Nick Meehan is the job, the quintessential New York City PD detective, also one who’s ironic and self-contained, intelligent and driven. And troubled.
Meehan and his new partner, the hard-charging Esposito, are dispatched to investigate an apparent suicide in Inwood Hill Park. Meehan has been granted a preferred assignment, but only by accepting a troubling caveat. Meehan is to report on Esposito for the Internal Affairs Bureau. No cop likes a rat, and Meehan doesn't need the IAB's pressure added to worries about a failing marriage and a frail father. At the scene, the detectives confront Ivan Lopez, who reported the body, but his story is shaky, and Meehan is troubled.
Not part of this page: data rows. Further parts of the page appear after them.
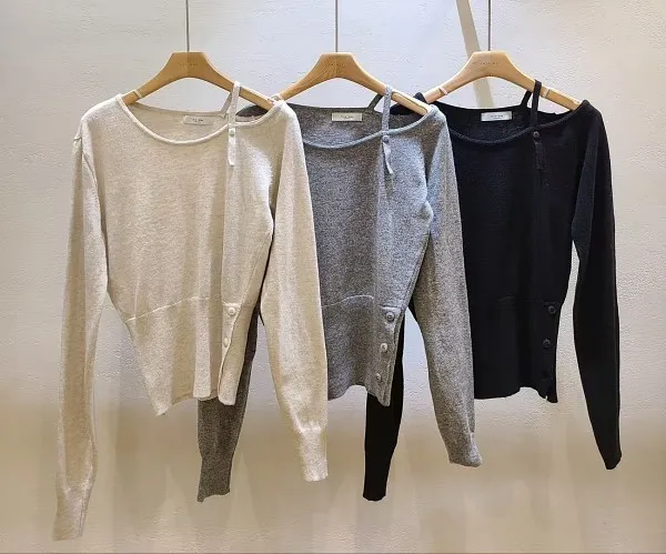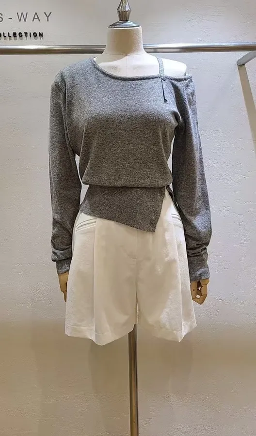 韓國 灰色斜肩針織上衣_D60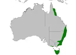 Штати Квінсленд, Новий Південний Уельс, Вікторія (Австралія), деякий района південної Австралії, острів Тасманія.
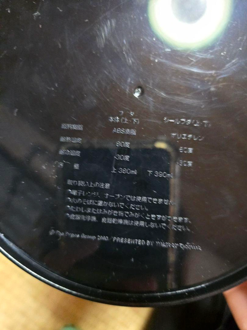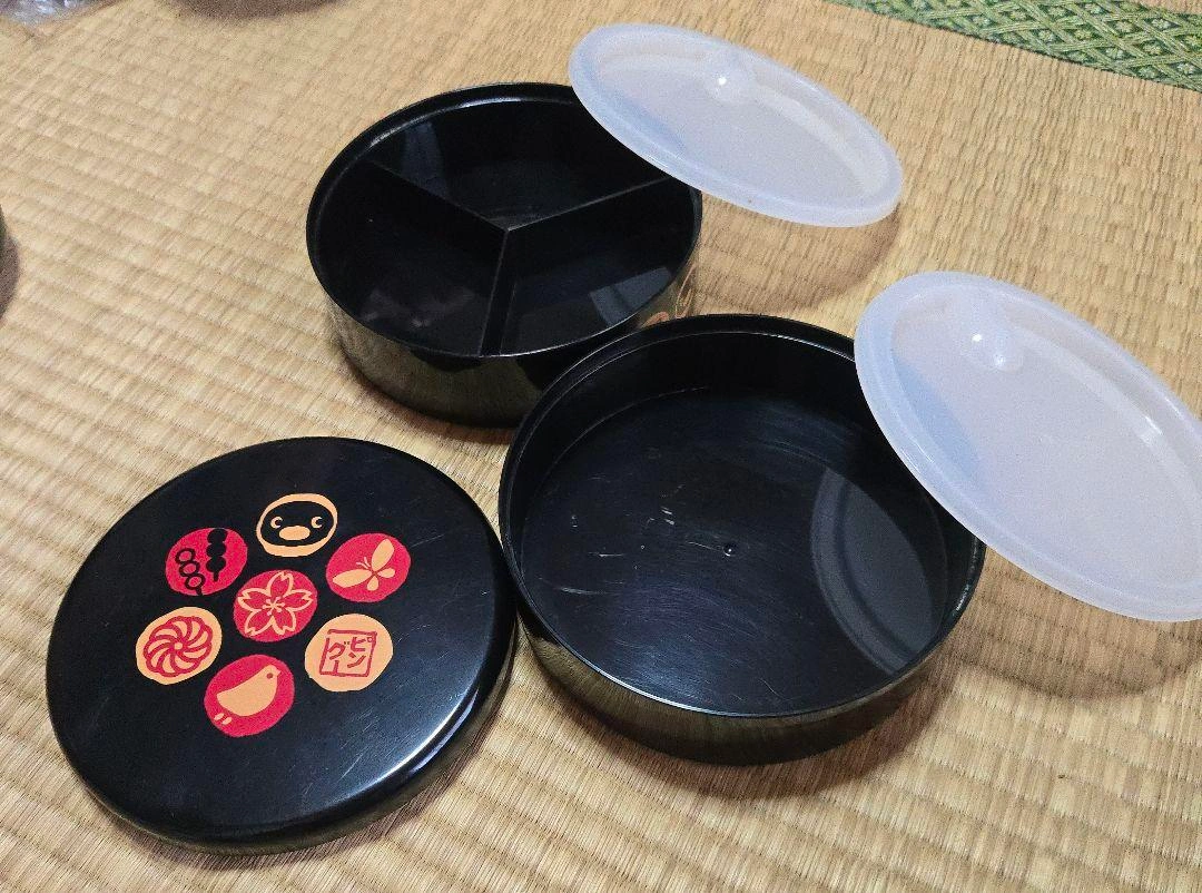あたたかさ未使用ですが、自宅保管のためご理解頂ける方のみご購入お願いいたします。 - Material: ABS樹脂 - Capacity: 上390ml 下390ml - Design: 和風の模様が施された重箱 - Color: 黒 直径14cm 高さ10cm ご希望の方はお気軽にご連絡ください。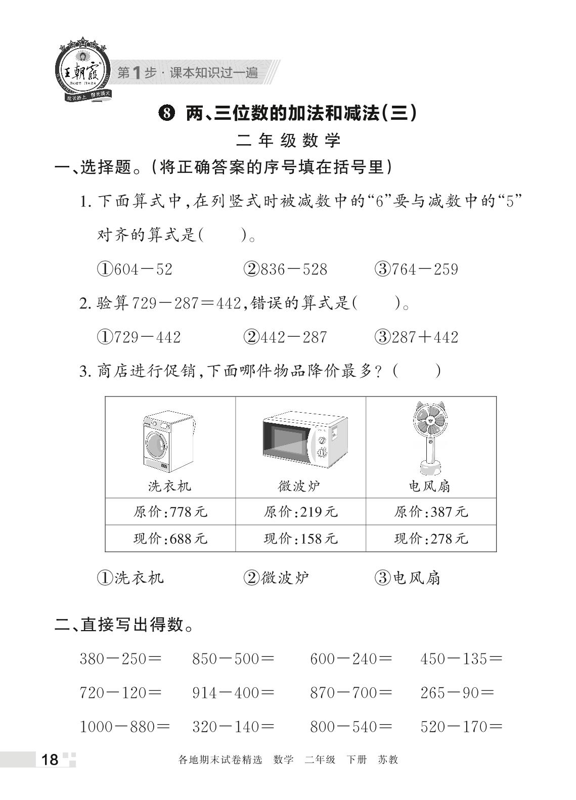 王朝霞期末过课本——8 两、三位数的加法和减法(三)二年级下册数学(苏教版)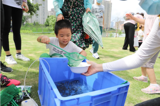 “一條、兩條、三條,成功啦!”在最后的解救“波妞“環(huán)節(jié),競爭異常激烈,小朋友和家長一起拿著小網(wǎng)兜,在魚池中小心翼翼地網(wǎng)起小魚。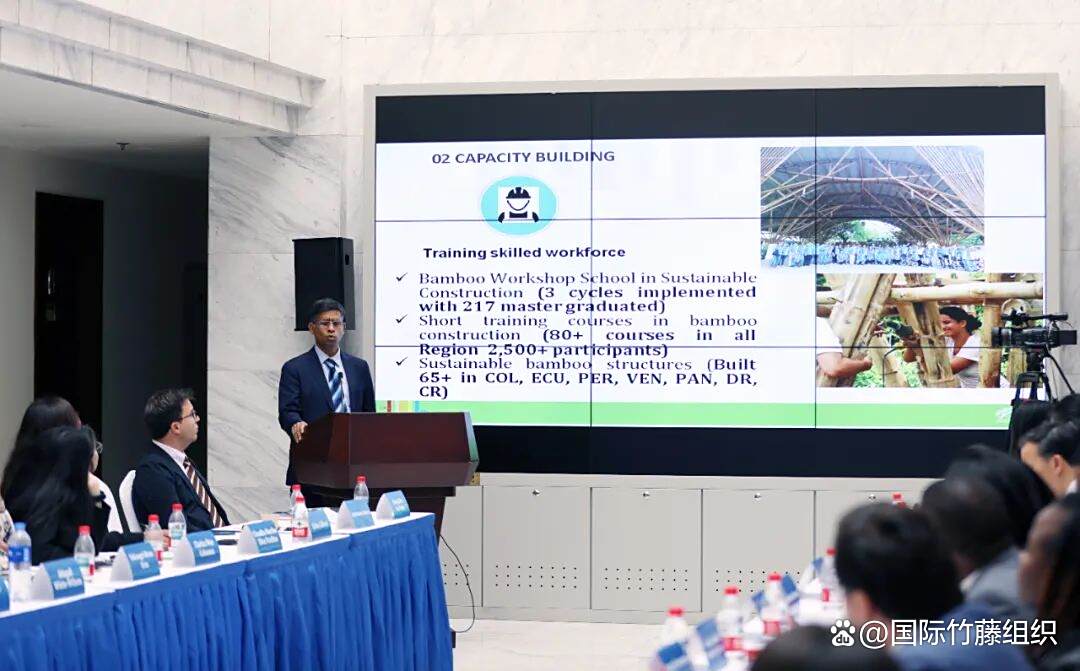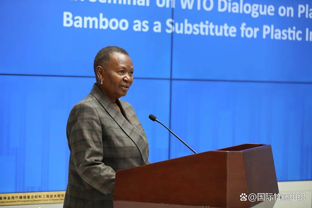达·卢斯表示,我们齐聚一堂,不仅是为了交流知识,也是为了重申我们共同致力于应对“塑料污染”这一紧迫的环境挑战。竹藤资源是可以再生、用途广泛且价格实惠的塑料替代品,能够为可持续发展、绿色增长和气候行动作出重大贡献。“以竹代塑”倡议响应全球发展潮流。感谢国际竹藤组织的真知灼见,不仅让代表团学习了竹子的潜力与价值,还让代表团更好地了解到发挥竹子潜力所需的政策框架和国际合作情况。希望今天的讨论能够激发新的想法、建立伙伴关系,并最终转化为切实的行动计划,共同迈向一个没有塑料污染的未来。
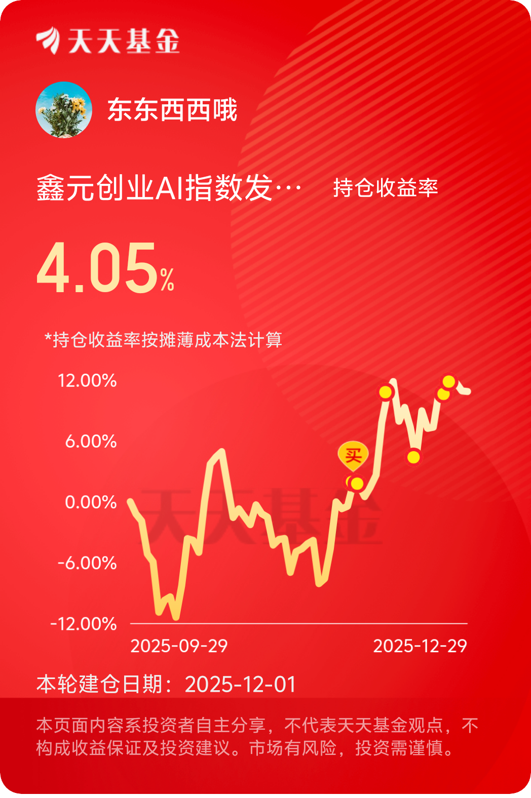 坚持自己的选择,定投走起,后期机会比较大的$鑫元创业AI指数发起式C$

The next call takes the partners to the scene of a shooting. The victim has been murdered with a shotgun, leading to an incorrect identification. It's not Malcolm Cole, drug dealer and possible killer. It's his brother. Now the detectives are caught between Cole and a Dominican gang with major ambitions. With the pensive and self-aware Meehan doubting his own judgment, Esposito leads the way though a series of maneuvers, some legal, some not, and many skirting department rules, that land the pair in a gun battle at a Dominican gang funeral and then at a clandestine meeting with Cole at which a rogue IAB agent appears. Meanwhile, Ivan Lopez dogs Meehan, wanting help with his teenage daughter, Grace, either the victim of a gang rape or a participant in an orgy. Conlon (Blue Blood, 2004) is a gifted writer, surefooted on this terrain, drawing on personal NYPD experience to immerse the reader in the job, a milieu far more gritty and less glamorous than the car chases that pass for police work on screen. Meehan is a powerful character, realistic in his wry, existentialist approach and deeply sympathetic in his relationship with his wife and with Daysi, a Dominican florist, who may represent a second chance.
A first novel sure to make the bestseller lists.